Still, COPs posing as lease arrangements do circumvent Arizona’s constitutional limit on general-obligation bonding and the requirement for voter approval of revenue bonds.

Timothy Blake, senior analyst for Moody’s Investor Service, said, “A lease obligation is technically not long-term debt because there is this annual decision whether to fund it or not. They can fly under debt caps and spending limits.”

But Arizona’s COPs aren’t sailing quite as smoothly as they once did. While lawmakers struggle with a $300 million general fund deficit this fiscal year and a $1 billion shortage for fiscal 2004, Standard & Poor and Moody’s Investors Service both have dimmed their outlook for COPs investors from “stable” to “negative.”

That means Arizona’s AA-minus rating could slip. Not that investors should worry. “The ones that we rate don’t default,” analyst Mr. Blake said.

To make sure they would not default and to boost the market for $400 million worth of COPs in January, the School Facilities Board purchased insurance for the issue. The rating automatically rose to AAA and the resulting cost is about 4 per cent to finance construction of 49 schools across Arizona.
The rate is probably a quarter-percentage point higher than bonds would cost because investors have to settle for school buildings as collateral rather than the “full faith and credit” of a government that issues bonds and convinces its voters to provide the revenue to service them.

Voter Approval Not Required


But no voter approval is required for COPs because they are not considered to be the kind of long-term debt that is restricted by the Arizona Constitution.

“It gives the Legislature a lot of comfort,” School Facilities Board finance chief John Arnold said. “They can say, ‘We did this without debt.’ “

But the Legislature must fund the lease-to-own payments every year or face the political calamity of closing schools and turning over the keys to a trustee for the COP holders.

Mr. Arnold plans an additional $250 million COP issue to build 30 more schools this fall. And as the state continues its pace among the fastest growing in the nation, more schools will be needed in fiscal 2004 and beyond.

Annual debt service could ramp up to $60 million, then $80 million in fiscal 2005, and $100 million a year later, officials said.

“Some people have said there needs to be a dedicated tax source,” Mr. Arnold said. “I don’t think there’s any way around additional tax dollars.”

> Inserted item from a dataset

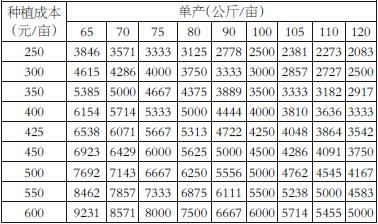 假設海南、云南年均投入成本均為425元/畝,產(chǎn)出分別為75公斤/畝和105公斤/畝,由此換算的海南天然橡膠種植成本為5667元/噸,云南天然橡膠種植成本為4048元/噸。我們將每畝天然橡膠的種植成本投入與相應單產(chǎn)所換算出的單位重量生產(chǎn)成本做成了矩陣表,如上。

Kevin McCarthy, director of the Arizona Tax Research Association, a tax watchdog, agrees. “The truth is that debt is debt and the impact on taxpayers is the same,” Mr. McCarthy said. “Running up debt through COPs just sidesteps the public debate.”

COPs and other lease-purchase and third-party contracts have been used by more than 300 government agencies at all levels in Arizona to pile up nearly $1.5 billion in debt, the Department of Revenue reported in December. Total debt for Arizona governments is about $20 billion.

Lawmakers ran head-on into COPs and other entanglements last month when they tried to raise quick cash by selling or leasing state property. They were frustrated to find that many state buildings are “owned” by COP-holders until the state pays off leases that can run 20 years and more.

Other buildings, such as university dormitories, that are not encumbered by COPs are pledged to help support revenue bonds.

But Chris Herstam, a former legislator and now chairman-elect of the State Board of Regents, defends COPs. He said they were used to bail the administration of Governor Fife Symington out of the ENSCO crisis in 1991.

“Lease-back arrangements have worked well for the state,” Mr. Herstam said. “Without that funding mechanism, the state would have been paralyzed in the past few years with regard to construction. I know of no abuse, which further fuels my confidence in COPs.”